Published: 01 Jan 2026, Last Modified: 12 Mar 2026IEEE Transactions on Systems, Man, and Cybernetics: SystemsEveryoneRevisionsCC BY-SA 4.0
Abstract: Model-based reinforcement learning (MBRL) aims to promote sample efficiency and reduce the number of interactions with the true environment, via learning an environment dynamic model, compared with model-free reinforcement learning (MFRL). However, the success of MBRL heavily relies on two key aspects: model learning and planning. The former refers to learning an accurate model, and the latter aims to improve the behavior policy.
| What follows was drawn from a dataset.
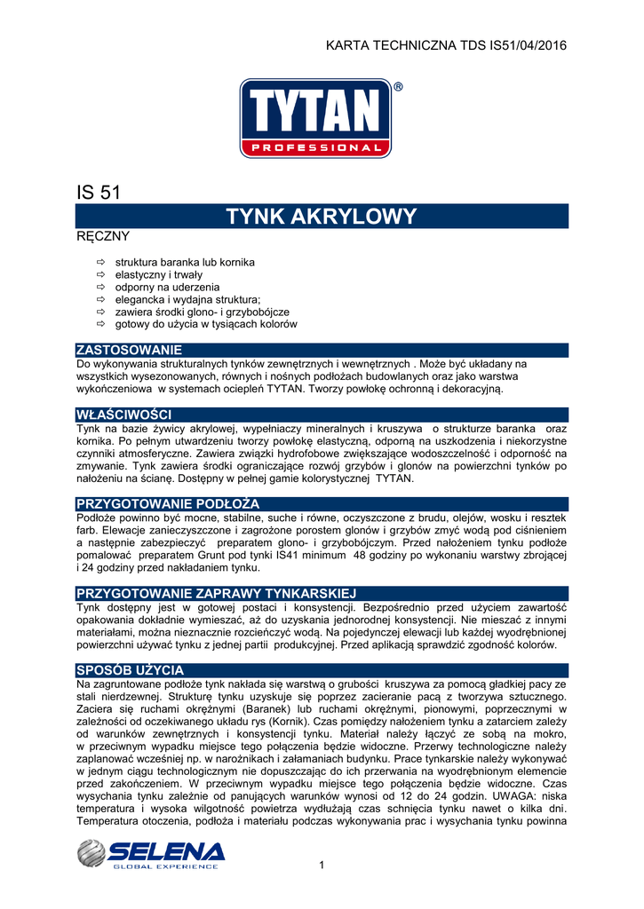 KARTA TECHNICZNA TDS IS51/04/2016 IS 51 TYNK AKRYLOWY RĘCZNY struktura baranka lub kornika elastyczny i trwały odporny na uderzenia elegancka i wydajna struktura; zawiera środki glono- i grzybobójcze gotowy do użycia w tysiącach kolorów ZASTOSOWANIE Do wykonywania strukturalnych tynków zewnętrznych i wewnętrznych . Może być układany na wszystkich wysezonowanych, równych i nośnych podłożach budowlanych oraz jako warstwa wykończeniowa w systemach ociepleń TYTAN. Tworzy powłokę ochronną i dekoracyjną. WŁAŚCIWOŚCI Tynk na bazie żywicy akrylowej, wypełniaczy mineralnych i kruszywa o strukturze baranka oraz kornika. Po pełnym utwardzeniu tworzy powłokę elastyczną, odporną na uszkodzenia i niekorzystne czynniki atmosferyczne. Zawiera związki hydrofobowe zwiększające wodoszczelność i odporność na zmywanie. Tynk zawiera środki ograniczające rozwój grzybów i glonów na powierzchni tynków po nałożeniu na ścianę. Dostępny w pełnej gamie kolorystycznej TYTAN. PRZYGOTOWANIE PODŁOŻA Podłoże powinno być mocne, stabilne, suche i równe, oczyszczone z brudu, olejów, wosku i resztek farb. Elewacje zanieczyszczone i zagrożone porostem glonów i grzybów zmyć wodą pod ciśnieniem a następnie zabezpieczyć preparatem glono- i grzybobójczym. Przed nałożeniem tynku podłoże pomalować preparatem Grunt pod tynki IS41 minimum 48 godziny po wykonaniu warstwy zbrojącej i 24 godziny przed nakładaniem tynku. PRZYGOTOWANIE ZAPRAWY TYNKARSKIEJ Tynk dostępny jest w gotowej postaci i konsystencji. Bezpośrednio przed użyciem zawartość opakowania dokładnie wymieszać, aż do uzyskania jednorodnej konsystencji. Nie mieszać z innymi materiałami, można nieznacznie rozcieńczyć wodą. Na pojedynczej elewacji lub każdej wyodrębnionej powierzchni używać tynku z jednej partii produkcyjnej. Przed aplikacją sprawdzić zgodność kolorów. SPOSÓB UŻYCIA Na zagruntowane podłoże tynk nakłada się warstwą o grubości kruszywa za pomocą gładkiej pacy ze stali nierdzewnej. Strukturę tynku uzyskuje się poprzez zacieranie pacą z tworzywa sztucznego. Zaciera się ruchami okrężnymi (Baranek) lub ruchami okrężnymi, pionowymi, poprzecznymi w zależności od oczekiwanego układu rys (Kornik). Czas pomiędzy nałożeniem tynku a zatarciem zależy od warunków zewnętrznych i konsystencji tynku. Materiał należy łączyć ze sobą na mokro, w przeciwnym wypadku miejsce tego połączenia będzie widoczne. Przerwy technologiczne należy zaplanować wcześniej np. w narożnikach i załamaniach budynku. Prace tynkarskie należy wykonywać w jednym ciągu technologicznym nie dopuszczając do ich przerwania na wyodrębnionym elemencie przed zakończeniem. W przeciwnym wypadku miejsce tego połączenia będzie widoczne. Czas wysychania tynku zależnie od panujących warunków wynosi od 12 do 24 godzin. UWAGA: niska temperatura i wysoka wilgotność powietrza wydłużają czas schnięcia tynku nawet o kilka dni. Temperatura otoczenia, podłoża i materiału podczas wykonywania prac i wysychania tynku powinna 1 KARTA TECHNICZNA TDS IS51/04/2016 º º wynosić od +5 C do +25 C. Należy chronić tynkowaną powierzchnię przed niekorzystnymi warunkami atmosferycznymi. Stosować siatki i plandeki ochronne. Narzędzia umyć czystą wodą bezpośrednio po użyciu. ZUŻYCIE Średnio zużywa się w zależności od grubości kruszywa strukturyzującego od 2,2 kg do 3,1 kg ± 5% na równym i zagruntowanym podłożu. Zaleca się dokładne określenie zużycia na podstawie próby. Orientacyjne zużycie tynku 1,5 mm 2,0 mm BARANEK (kg/m²) 2,2-2,4 2,9-3,1 KORNIK (kg/m²) 2,4 3,0 DANE TECHNICZNE temperatura stosowania (podłoża, otoczenia i zaprawy ) gęstość gotowego wyrobu średni czas wysychania tynku o o od +5 C do +25 C 3 ok. 1,85 g/cm od 12h do 24h SKŁADOWANIE I TRANSPORT Tynk należy przewozić i przechowywać w suchych warunkach na paletach i w oryginalnych, º º nieuszkodzonych opakowaniach w temperaturze od +5 C do +25 C. Chronić przed mrozem i bezpośrednim działaniem słońca. Tak przechowywany produkt posiada okres przydatności do użycia 12 miesięcy. Opakowanie po otwarciu szczelnie zamknąć i pozostałą zawartość jak najszybciej zużyć. ZGODNOŚĆ Z NORMAMI I WYMAGANIAMI JAKOŚCIOWYMI Produkt zgodny z Europejską Oceną Techniczną ETA-16/0161 , ETA-16/0166, Aprobatą Techniczną ITB AT-15-7286/2013, posiada Deklarację Właściwości Użytkowych oraz Krajową Deklarację Zgodności. Aktualizacja 01.03.2016 Powyższe dane, zalecenia i wskazówki opierają się na naszej najlepszej wiedzy, badaniach oraz doświadczeniach i zostały udzielone w dobrej wierze zgodnie z zasadami obowiązującymi w naszej firmie i u naszych dostawców. Zaproponowane sposoby postępowania uznane są za powszechne, jednak każdy z użytkowników tego materiału powinien upewnić się na wszelkie możliwe sposoby, włącznie ze sprawdzeniem produktu końcowego w odpowiednich warunkach, o przydatności dostarczanych materiałów dla osiągnięcia celów przez niego zamierzonych. Ani Spółka, ani jej upoważnieni przedstawiciele nie mogą ponosić odpowiedzialności za jakiekolwiek straty poniesione na skutek nieprawidłowego, bądź błędnego użycia jej materiałów. 2

In this article, we investigate these two aspects further with model ensemble learning. We design a deep residual attention U-Net (RauNet) with fewer neurons (or weights) than the widely used shallow neural network as our base models and further apply the Hilbert–Schmidt independence criterion (HSIC) as a regularization term to pursue model diversity explicitly for the model ensemble. Furthermore, we propose an adaptive trust region policy optimization (TRPO), in which the parametric Rényi alpha divergence substitutes for the Kullback–Leibler (KL) divergence for measuring the difference between two successive policies, and the alpha value can be adaptively adjusted during TRPO training iterations. This method is called diversity-driven model ensemble adaptive TRPO, or simply diversity-driven model ensemble adaptive trust region policy optimization. Our detailed experiments on six benchmark environments show that our proposed approach is optimal, compared with five state-of-the-art RL techniques.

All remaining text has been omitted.